The New York Jazz Ensemble is today known only for a single recording it released in 1993 with an amateur clarinetist — Woody Allen, before his downfall. For my money the band is pretty good, and “In the Sweet By’n’By” is one of the best cuts on the album; “What a Friend We Have in Jesus,” a few tracks later, is the other.

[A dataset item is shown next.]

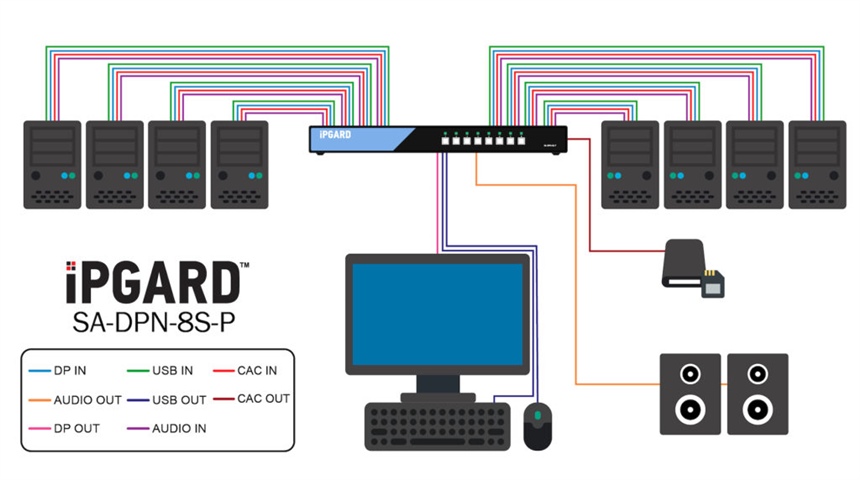 SA-DPN-8S-P - iPGARD - 2-Port, Single Screen, NIAP PP 4.0, Secure KVM Switch, DisplayPort KVM (w/audio) 4K Video SmartAVI (with CAC)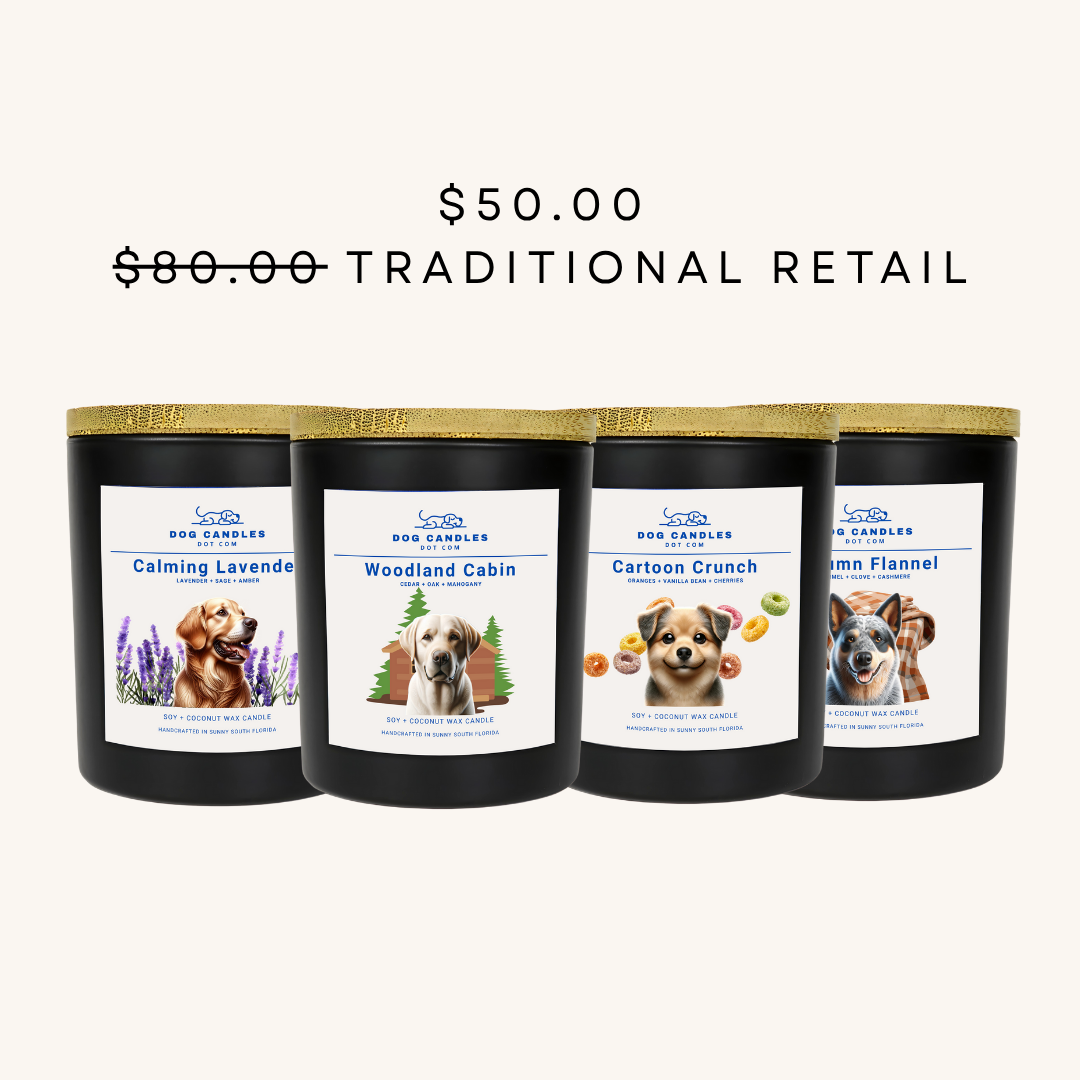 Try our Scent Sampler Pack, 4 Candles, Just $50 with Free Shipping!

There are a few tracks here from different incarnations of the Preservation Hall Jazz Band. The first, from their 1977 survey New Orleans Vol. 1, is a good representation of their gospel ballads; “His Eye is on the Sparrow” dates from 1905 and has been recorded by artists as varied as Lauryn Hill, Jessica Simpson, Mahalia Jackson, and Whitney Houston. It’s essentially the same band, minus a few members, that returns for “Precious Lord,” a knockout track from their 1988 New Orleans Vol. IV album (coincidentally, the first of their albums I ever bought). An earlier incarnation of the band, as recorded on 1964’s Sweet Emma and Her Preservation Hall Jazz Band, is recorded only a few years after Pennsylvania-based tuba player Allan Jaffe began to manage the former art gallery in the French Quarter that had become a venue for local jazz musicians; “Sweet Emma” Barrett is on vocals “(Just a) Closer Walk With Thee.” It’s this earliest band that provides our closing rendition of “When the Saints Go Marching In.” Brothers Willie and Percy Humphrey are on all three recordings, spanning 24 years; Willie Humphrey was 88 years old when Vol. IV was recorded and his kid brother Percy was 83.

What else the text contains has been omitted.